Además, el Tribunal de Apelaciones señaló que aunque la omisión del padre, de mencionar la enfermedad en la solicitud de ingreso, “pudo justificar la decisión de rescindir el contrato, ello no obsta a la conclusión indicada anteriormente, pues esa circunstancia tampoco podría ser un obstáculo en la actualidad para un nuevo pedido de afiliación”, que es “en definitiva, el resultado que persiguen los accionantes”.
En el caso, una familia –padre, madre e hija- interpuso una acción judicial contra Health Medical S.A. con el fin de que se restablezca su condición de afiliados y que se les otorguen las prestaciones correspondientes, según el contrato entre ambas partes. El juez de primera instancia admitió las pretensiones y condenó a la demandada.
Esa decisión dio lugar a la apelación de la empresa demandada que cuestionó los datos y el historial médico de los actores, así como también la existencia de una relación con la obra social y la continuidad de la prestación de servicios médicos de los accionantes.

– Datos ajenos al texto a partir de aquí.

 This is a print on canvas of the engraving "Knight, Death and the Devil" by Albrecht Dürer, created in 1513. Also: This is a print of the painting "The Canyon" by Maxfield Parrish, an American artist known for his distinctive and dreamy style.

También, se agravió por las consideraciones que realizó el magistrado de grado respecto de los formularios de ingreso a la entidad, y sostuvo que el actor omitió informar la enfermedad preexistente de su hija.

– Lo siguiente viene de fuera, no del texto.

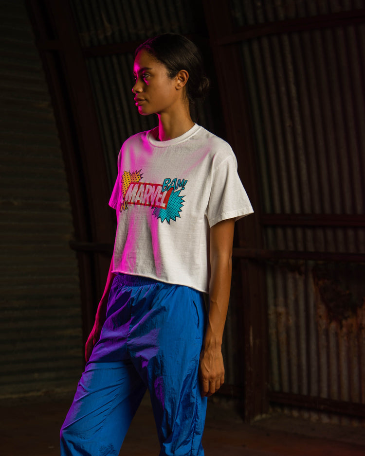 Comin' atcha Pop Art style in our Flea Market Crop Tee. We couldn’t resist layering the classic Marvel logo with the quintessential BAM! POW! for a fun, comic-style tee. Nostalgic, but trendy in all the right ways.

Primero, la Cámara Civil y Comercial señaló que “a los efectos de dar adecuada solución al litigio conviene recordar ante todo que la acción plantea un doble objetivo: el primero de ellos es una declaración de arbitrariedad respecto de la rescisión del contrato que en su momento celebraron las partes y, enlazado con ello, la restitución de las prestaciones médicas correspondientes al plan de cobertura con que contaban los demandantes”.
Luego, los magistrados federales indicaron que, según la Corte Suprema, “las sentencias deben atender a la situación existente al momento en que son dictadas” y en ese marco “la sanción de la Ley 26.682 constituye un hecho susceptible de incidir en la solución del conflicto”.

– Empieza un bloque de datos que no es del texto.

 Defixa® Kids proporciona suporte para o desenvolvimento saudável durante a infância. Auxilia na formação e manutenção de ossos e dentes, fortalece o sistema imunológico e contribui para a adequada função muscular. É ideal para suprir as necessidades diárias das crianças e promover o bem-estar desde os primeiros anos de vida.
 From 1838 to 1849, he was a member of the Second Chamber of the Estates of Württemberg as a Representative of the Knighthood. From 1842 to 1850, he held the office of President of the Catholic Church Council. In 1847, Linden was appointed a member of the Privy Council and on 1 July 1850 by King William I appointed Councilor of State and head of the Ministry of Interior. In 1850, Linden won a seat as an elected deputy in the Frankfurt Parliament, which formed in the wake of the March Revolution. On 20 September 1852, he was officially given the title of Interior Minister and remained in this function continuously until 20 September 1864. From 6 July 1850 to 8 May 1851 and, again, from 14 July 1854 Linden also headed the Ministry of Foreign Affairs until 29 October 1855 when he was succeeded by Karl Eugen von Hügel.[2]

La citada norma “establece que las enfermedades preexistentes de quien aspire a contratar un plan de cobertura con cualquiera de las entidades regidas por esa norma no pueden ser un criterio del rechazo de admisión de los usuarios”, explicó el Tribunal de Apelaciones.
Acto seguido, la Justicia de Alzada aseveró que, conforme la Ley 26.682, “queda superado el escollo existente para que los accionantes puedan acceder –en forma definitiva- a la cobertura que en su momento contrataron y que han mantenido durante la tramitación del proceso en virtud de la medida cautelar”.
“En las condiciones descriptas, deviene inoficioso el examen de los agravios que propone la recurrente sobre su relación con la obra social a la que anteriormente se encontraban afiliados los actores, así como el conocimiento que habría tenido de la enfermedad de la coactora S.G.V”, enfatizaron los jueces.
Por lo tanto, la Cámara Civil y Comercial Federal rechazó la impugnación cursada por la demandada y confirmó la sentencia de primera instancia que ordenó el restablecimiento de la afiliación y cobertura a favor del grupo familiar actor. Sólo se modificó la imposición de costas, que fueron aplicadas, en ambas instancias, según el orden causado.